Ring Chromosome in Myeloid Neoplasms is Associated with Complex Karyotype and Disease Progression

Publication date: Available online 24 August 2017
Source:Human Pathology
Author(s): Matthew W Rosenbaum, Olga Pozdnyakova, Julia T Geyer, Paola Dal Cin, Robert Hasserjian
Ring chromosome (RC) is a poorly understood genetic anomaly seen in myeloid neoplasms. This study aims to shed light on the clinical significance of this finding. We identified 96 cases of myeloid neoplasms with RC from 3 academic hospitals. Clinicopathologic features and overall- (OS) and leukemia-free survival were reviewed and compared to cases of myeloid neoplasms lacking RC. We identified 59 acute myeloid leukemias (AML-RC) and 37 myelodysplastic syndromes (MDS-RC) with RC identified on routine karyotyping. 75% of AML-RC and 97% of MDS-RC had complex (>3 independent cytogenetic abnormalities) karyotypes.
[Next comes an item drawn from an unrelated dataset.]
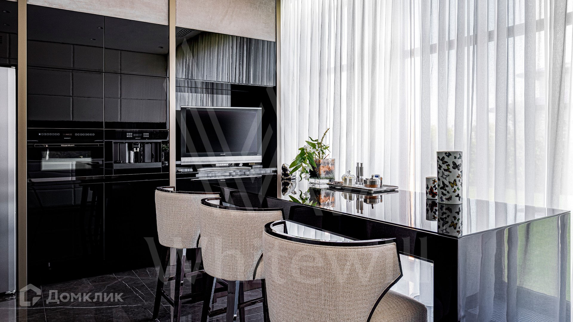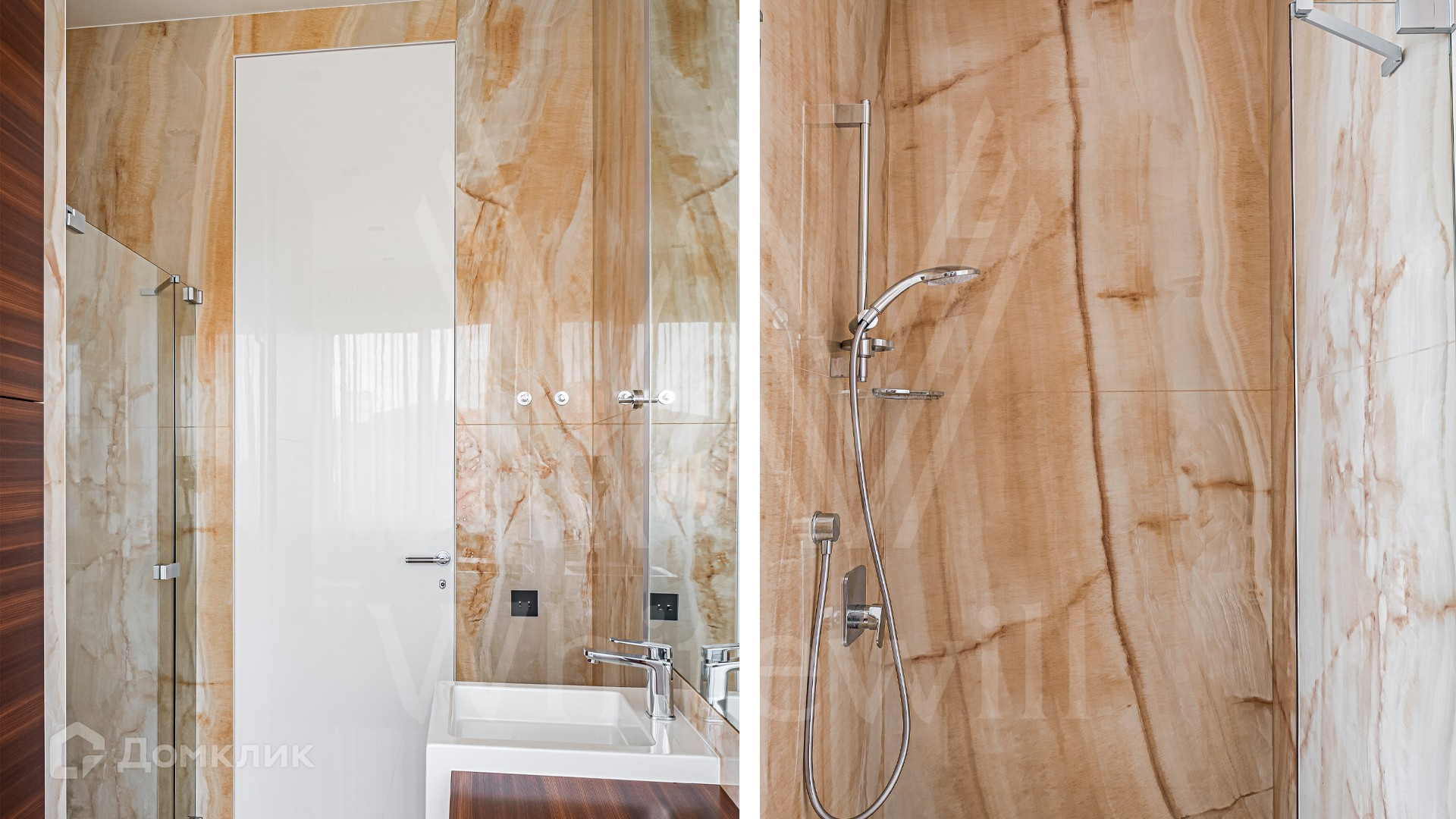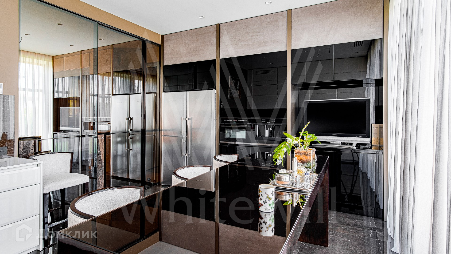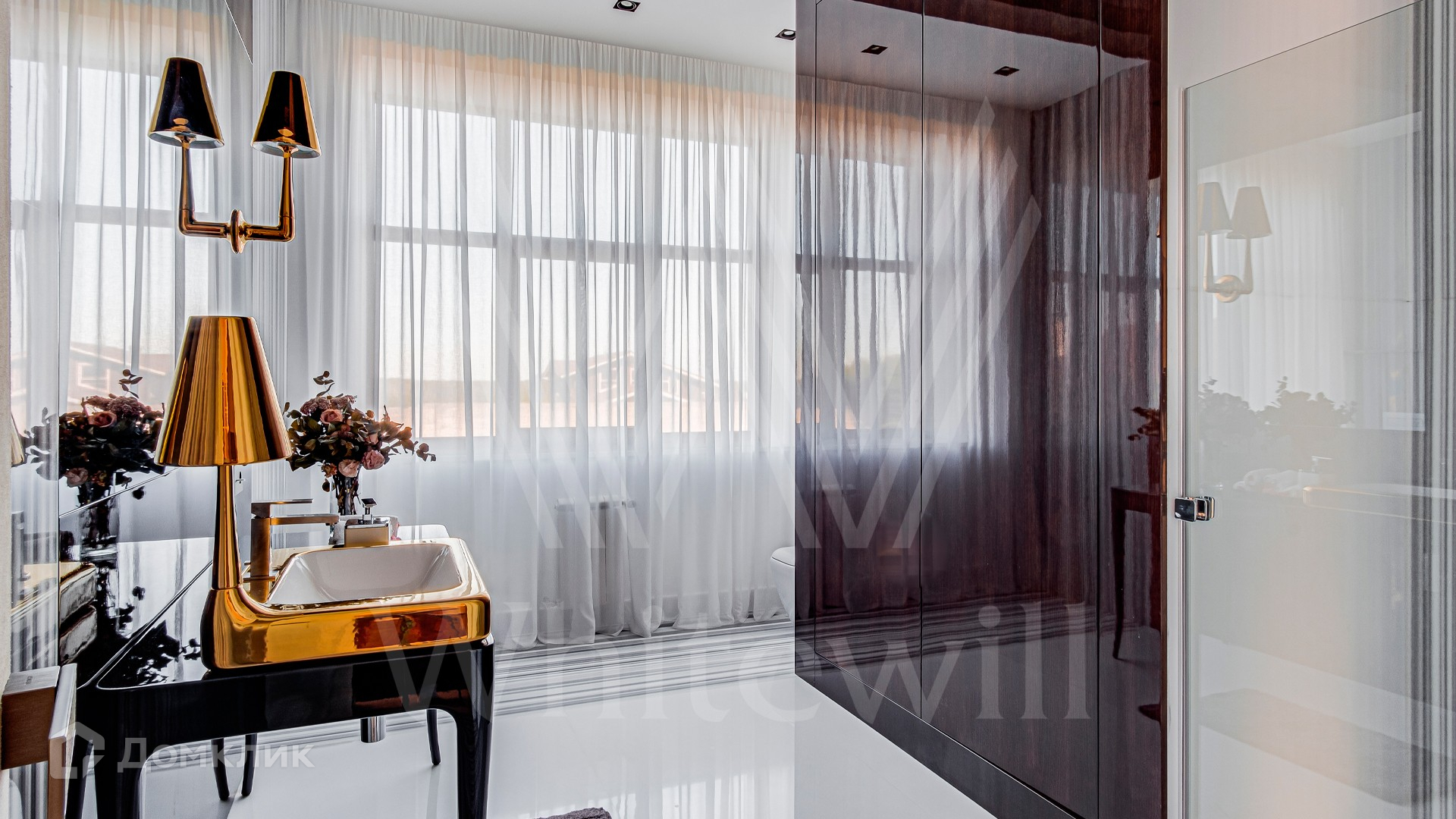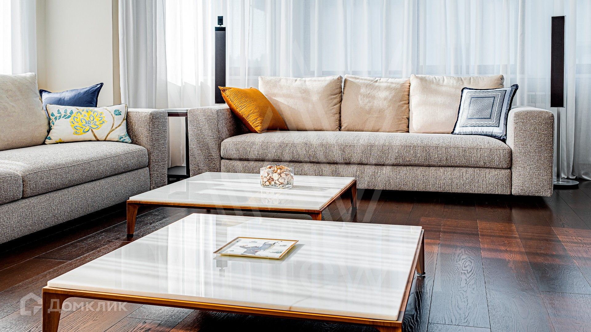 ID 10 399. Шато Соверен. Загородный дом площадью 440 м² построен на полевом участке 23 сотки. Фасад в современном стиле отделан натуральным камнем бежевого цвета. Интерьер оформлен в светлых теплых оттенках. Полы в резиденции выполнены мрамора, травертина и паркета из Италии. В оформлении использованы итальянские керамогранит Fiandre, раздвижные двери и стеновые панели LONGHI. Установлена сантехника HIPPE, Cielo, Gessi, Bisazza, Antonio Lupi, Duravit, Ideal Standard и кухня фабрики Mittel. Центр притяжения дома — уюутная гостиная с камином, где можно собраться всей семьей. В коттедже спланировали 3 спальни, столовую с выходом на террасу. На участке выполнен ландшафтный дизайн, вымощены дорожки, по периметру высажены туи.

The median OS of AML-RC with complex karyotype was significantly shorter than AML-RC patients with a non-complex (≤3 independent cytogenetic abnormalities) karyotype (P=.001), but similar to AML patients with complex karyotype lacking RC (p=n.s.). Compared to complex karyotype MDS lacking RC, MDS-RC patients had shorter leukemia-free survival (P=.016) and a trend for shorter overall survival (P=.10). RCs are associated with an inferior leukemia-free survival in MDS with complex karyotype. AML-RC with complex karyotype had similar outcomes to complex karyotype AML lacking RC, but shorter survival than AML-RC with a non-complex karyotype. RCs were sometimes lost after therapy or appeared during disease relapse, suggesting that they may be associated with genetic instability.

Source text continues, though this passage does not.